Визиты султана всегда вызывали у Махпейкер странную смесь изумления, восторга и еще одного чувства – непонятного, едва уловимого. Насчет него она не знала, что и думать: вроде бы и приятен ей повелитель правоверных, а вроде и не хочется приближаться к нему.
Да простится юной гёзде и то, и другое. Потому что девушка из гарема имеет право только на одно чувство к владыке Блистательной Порты, и чувство это – безмерное обожание. Мало ли, что эта девушка – ближняя служанка матери султана, да и в гарем она входит не султанский, а старшего из шахзаде! Султан над всем властен. И над матерью своей, и над сыном, и над тем, что им принадлежит.
Тем не менее обожания Махпейкер не испытывала. Никогда.
Возможно, причиной этому была Сафие-султан, которую появления сына в той части гарема, где воспитывались девушки для султанских сыновей, совершенно не радовали. Но почему? Ведь валиде должна осознавать, что три наследника – это мало, очень мало. Случись в Истанбуле, к примеру, эпидемия оспы, и династия Османов может попросту перестать существовать!
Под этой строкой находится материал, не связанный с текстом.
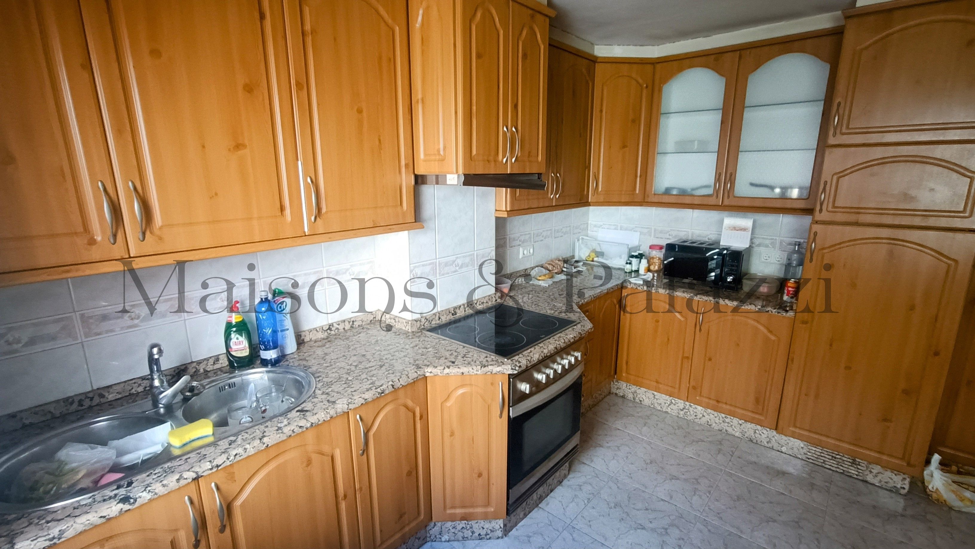 La vivienda consta de tres dormitorios, una amplia cocina, un baño completo, un aseo y un espacio añadido reformado y totalmente acondicionado con aislamiento, insonorizado, cerrado con ventanas de aluminio y cristales climalit, con filtro solar, que originalmente era una terraza y que se utilizaba como salón.

(Эти мысли, конечно, посещали Махпейкер прежде всего в ту пору, когда все трое шахзаде, включая Ахмеда, были для нее безликими, безвестными и, по правде сказать, безразличными фигурами, обитающими где-то в дворцовых высях. Сыновья владыки, старшему из которых она должна принадлежать. Если судьба не распорядится иначе.)
Или просто дело в том, что терпеть третью невестку валиде уже не в силах? Нрав-то у Сафие-султан горячий, это Махпейкер знала куда лучше других, как-никак числилась в ближних служанках. Но точно так же знала она, что валиде прекрасно умеет этот самый нрав свой обуздывать, как опытный всадник горячего жеребца, и направлять его умелой рукой туда, куда надо. Иными словами, показывала валиде свой гнев лишь тогда, когда намеревалась с его помощью чего-либо добиться.
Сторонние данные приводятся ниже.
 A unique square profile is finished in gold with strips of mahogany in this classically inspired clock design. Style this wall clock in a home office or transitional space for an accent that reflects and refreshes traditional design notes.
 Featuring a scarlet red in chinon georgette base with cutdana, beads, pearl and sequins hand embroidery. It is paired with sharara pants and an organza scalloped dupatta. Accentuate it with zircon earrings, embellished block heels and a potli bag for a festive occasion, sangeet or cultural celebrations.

Слухи ходили разные, но одно Махпейкер знала твердо: что-то тревожило Сафие-султан. Причем тревожило настолько, что во время визитов султана Мехмеда она могла отправить своих любимиц куда угодно с самыми незначительными поручениями, а то и наказать их за пустячную провинность, лишь бы они не попадались на глаза султану.
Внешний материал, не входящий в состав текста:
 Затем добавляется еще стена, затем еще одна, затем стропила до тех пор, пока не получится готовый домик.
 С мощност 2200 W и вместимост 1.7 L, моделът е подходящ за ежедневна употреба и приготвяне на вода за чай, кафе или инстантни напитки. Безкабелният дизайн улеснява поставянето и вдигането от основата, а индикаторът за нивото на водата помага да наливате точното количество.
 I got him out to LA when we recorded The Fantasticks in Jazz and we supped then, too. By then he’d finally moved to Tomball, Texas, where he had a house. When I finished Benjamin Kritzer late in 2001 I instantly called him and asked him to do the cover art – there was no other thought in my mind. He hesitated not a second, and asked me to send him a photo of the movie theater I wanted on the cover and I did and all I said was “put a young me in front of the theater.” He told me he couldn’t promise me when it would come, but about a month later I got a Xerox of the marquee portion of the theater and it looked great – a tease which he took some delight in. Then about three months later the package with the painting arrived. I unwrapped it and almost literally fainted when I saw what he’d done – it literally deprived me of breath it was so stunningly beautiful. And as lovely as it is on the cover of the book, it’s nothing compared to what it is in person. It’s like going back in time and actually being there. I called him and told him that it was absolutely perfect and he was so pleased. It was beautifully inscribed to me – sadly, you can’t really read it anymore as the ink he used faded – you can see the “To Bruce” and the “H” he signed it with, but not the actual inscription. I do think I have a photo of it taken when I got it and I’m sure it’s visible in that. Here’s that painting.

Мехмед появлялся всегда внезапно – и жизнь юных обитательниц гарема, до того скучная и монотонная, расцвечивалась яркими, буйными красками, превращаясь в изысканный праздник. Султан возлежал на подушках и смеялся, осыпая сладостями девушек, танцующих перед ним. Доставались гостинцы также и тем, кто играл на музыкальных инструментах, пел или просто поддерживал беседу об изящных искусствах.
Бывало, что евнухи несли за повелителем Османской империи несколько ларцов, доверху набитых драгоценными побрякушками. В такой день султан бывал особенно милостив, щедро одаривал девушек налево и направо, а валиде казалась особенно мрачной на фоне своего сына. Облаченная в черное Сафие-султан выглядела старой вороной, предвещающей беду, а султан в цветном халате был подобен калифу из сказки. И что из того, что толстый и неуклюжий? Какое кому дело до удушающего облака благовоний, окутывающих повелителя? Он мужчина, что хочет – то и делает, какие притирания предпочитает – такими и пользуется. Зато веселый, добродушный, щедрый, умный, добрый… наверное.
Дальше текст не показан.